(Entries shown)

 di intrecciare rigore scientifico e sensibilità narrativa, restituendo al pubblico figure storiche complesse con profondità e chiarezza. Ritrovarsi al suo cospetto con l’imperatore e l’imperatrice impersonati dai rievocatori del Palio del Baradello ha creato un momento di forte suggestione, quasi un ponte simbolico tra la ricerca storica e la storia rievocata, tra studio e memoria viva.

...

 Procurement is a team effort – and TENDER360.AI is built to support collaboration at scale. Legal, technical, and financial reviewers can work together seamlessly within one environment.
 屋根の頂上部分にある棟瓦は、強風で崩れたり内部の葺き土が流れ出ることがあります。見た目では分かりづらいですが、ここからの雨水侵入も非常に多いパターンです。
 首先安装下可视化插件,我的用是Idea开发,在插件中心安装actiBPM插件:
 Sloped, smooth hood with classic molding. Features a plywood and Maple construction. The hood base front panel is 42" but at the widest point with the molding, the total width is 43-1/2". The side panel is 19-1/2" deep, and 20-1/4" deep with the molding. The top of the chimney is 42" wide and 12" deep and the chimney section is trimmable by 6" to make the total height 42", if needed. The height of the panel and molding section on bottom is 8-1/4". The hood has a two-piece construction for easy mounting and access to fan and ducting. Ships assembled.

(Work request) Search the listing above for the lines with "Procurement is a" and "Sloped, smooth hood", then output those lines and all lines between them exactly.

(Exercise solution)
 Procurement is a team effort – and TENDER360.AI is built to support collaboration at scale. Legal, technical, and financial reviewers can work together seamlessly within one environment.
 屋根の頂上部分にある棟瓦は、強風で崩れたり内部の葺き土が流れ出ることがあります。見た目では分かりづらいですが、ここからの雨水侵入も非常に多いパターンです。
 首先安装下可视化插件,我的用是Idea开发,在插件中心安装actiBPM插件:
 Sloped, smooth hood with classic molding. Features a plywood and Maple construction. The hood base front panel is 42" but at the widest point with the molding, the total width is 43-1/2". The side panel is 19-1/2" deep, and 20-1/4" deep with the molding. The top of the chimney is 42" wide and 12" deep and the chimney section is trimmable by 6" to make the total height 42", if needed. The height of the panel and molding section on bottom is 8-1/4". The hood has a two-piece construction for easy mounting and access to fan and ducting. Ships assembled.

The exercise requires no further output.